5 Methods to Gather Valuable Feedback From Your Patients

Regardless of your healthcare discipline, you understand that the key to your patients’ progress is actually in their own hands. That is why gathering valuable feedback during every patient encounter is paramount to helping them achieve the best health outcomes over time. Here are five patient-centered communication approach methods that will help you gather valuable feedback from your patients.

(1) Communicate physically as well as verbally.

In patient-centered communication, the goal is to understand the person behind the medical problem so as to gather better feedback that aids in treating the patient more effectively. Since most communication is non-verbal, physicality, eye contact, and demeanor are all important.

First, avoid barriers like desks and tables between you and the patient. Smile, make eye contact, and speak in a calm, pleasant, consistent tone of voice. Make sure to physically face them to show that all of your attention is on them. To the best of your ability, keep you body at the same level as your patient’s. Standing over them while they’re sitting can make them feel uncomfortable.

Nurse talking to patient
Source: www.wisegeek.com

(2) Ask open-ended questions.

Open-ended questions are a key part of obtaining valuable feedback from the patient. That being said, you need to be careful never to start an encounter by asking how they are today as it puts the patient in the position of responding with “fine’ even when they are not. Rather, it’s best to ask “how can I help you today?” This empowers the patient to define the conversation. It’s imperative that you give them time to finish replying and stay engaged physically as well as through eye contact and occasionally nodding that you understand.
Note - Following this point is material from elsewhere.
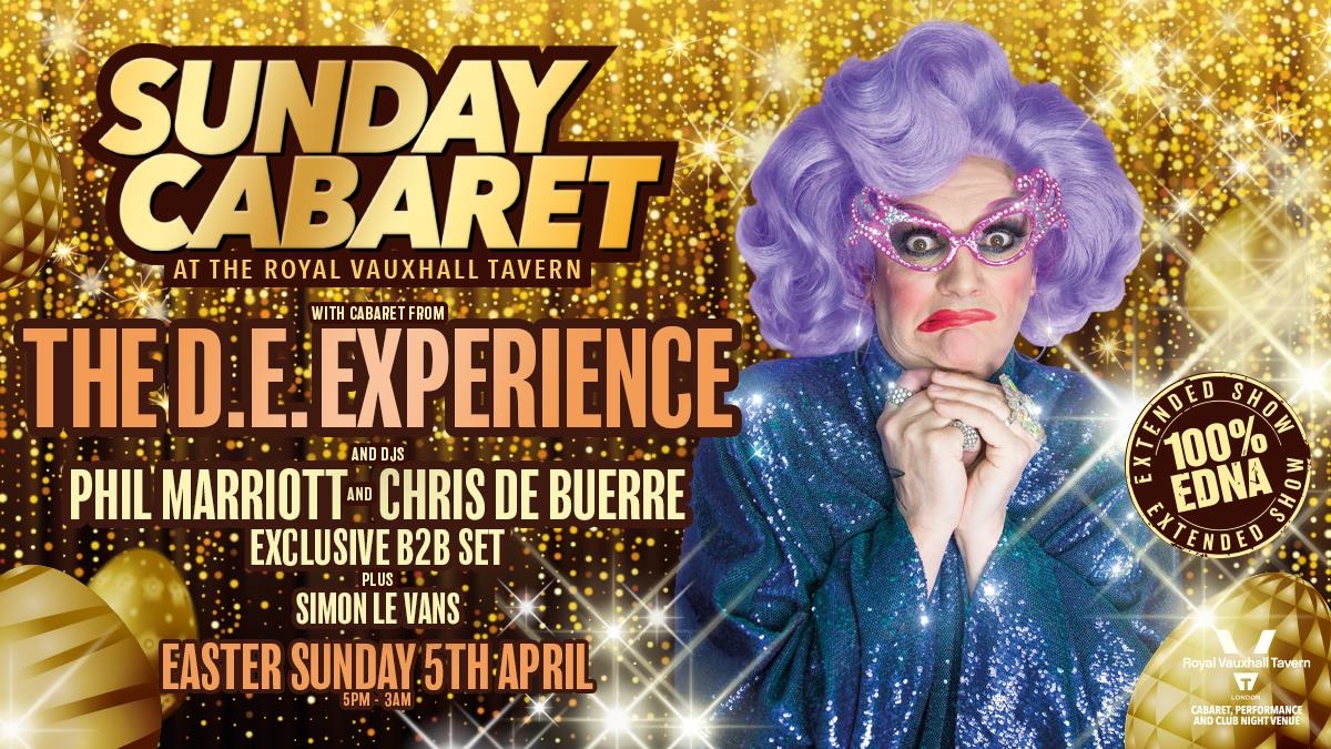 SUNDAY CABARET WITH THE D.E. EXPERIENCE PLUS DJS PHIL MARRIOTT AND CHRIS DE BUERRESUNDAY 5TH APRIL 5PM TO 3AMIt’s the first Bank Holiday weekend of the year and it’s going to be EGGScellent. Easter Sunday at The Royal Vauxhall Tavern is always a big one, and we are excited to confirm that the cabaret today will be provided by the icon that is The D.E. Experience. There’s no one quite like Edna and this will be a sensational show, big songs, inappropriate laughs and lots of both, plus there’s the best Bank Holiday party anthems, from DJs Phil Marriott and Chris De Buerre, playing B2B after Edna right through until 3am. THERE WILL BE TICKETS ON THE DOOR FROM 5PM ON THE DAYDoors are at 5pmWith DJ Simon Le Vans This event is 18+Advance tickets are £20 cabaret and club from 5pm till 3amLimited number of club only tickets for £10, (admission from 9pm only) Both plus booking feeNo Refunds.PLEASE NOTE: This event will be mostly standing with only a very few seats in the venue, first come first serve. If you have access questions please contact dave@vauxhalltavern.com. ALL BAGS AND COATS MUST BE CHECKED IN TO CLOAKROOM DANCING ON THE STAGE IS AT YOUR OWN RISK The RVT is an LGBTQ+ venue, please respect our space. No hen/stag parties
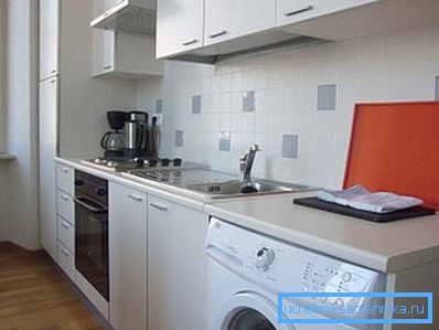 - В кухнята. Подходящ е, ако зоната на банята е твърде малка, за да може да се постави пералня.

Save any questions that you have for when they have finished as they will often tell you most of what you need to know within two minutes. At this point use the words of the patient to flesh out more information. For instance, “tell me more about…”

 

(3) Acknowledge patient emotions.

It’s important to verbally acknowledge a patient’s emotions to establish a level of empathy and trust so that they feel comfortable telling you more. Be sure to summarize what you’ve heard and normalize their feelings by relating how others and even you may have felt the same way. This is a crucial part of establishing rapport with the patient as a person rather than a condition or list of symptoms.

(4) Use clear, direct words free of jargon.

When relating a patient assessment, treatment protocol, or diagnosis, it’s important to use clear and direct language that is as free of medical jargon as possible. In any case, be sure to leave pauses in the conversation to be sure that the patient understands and is processing what you are saying.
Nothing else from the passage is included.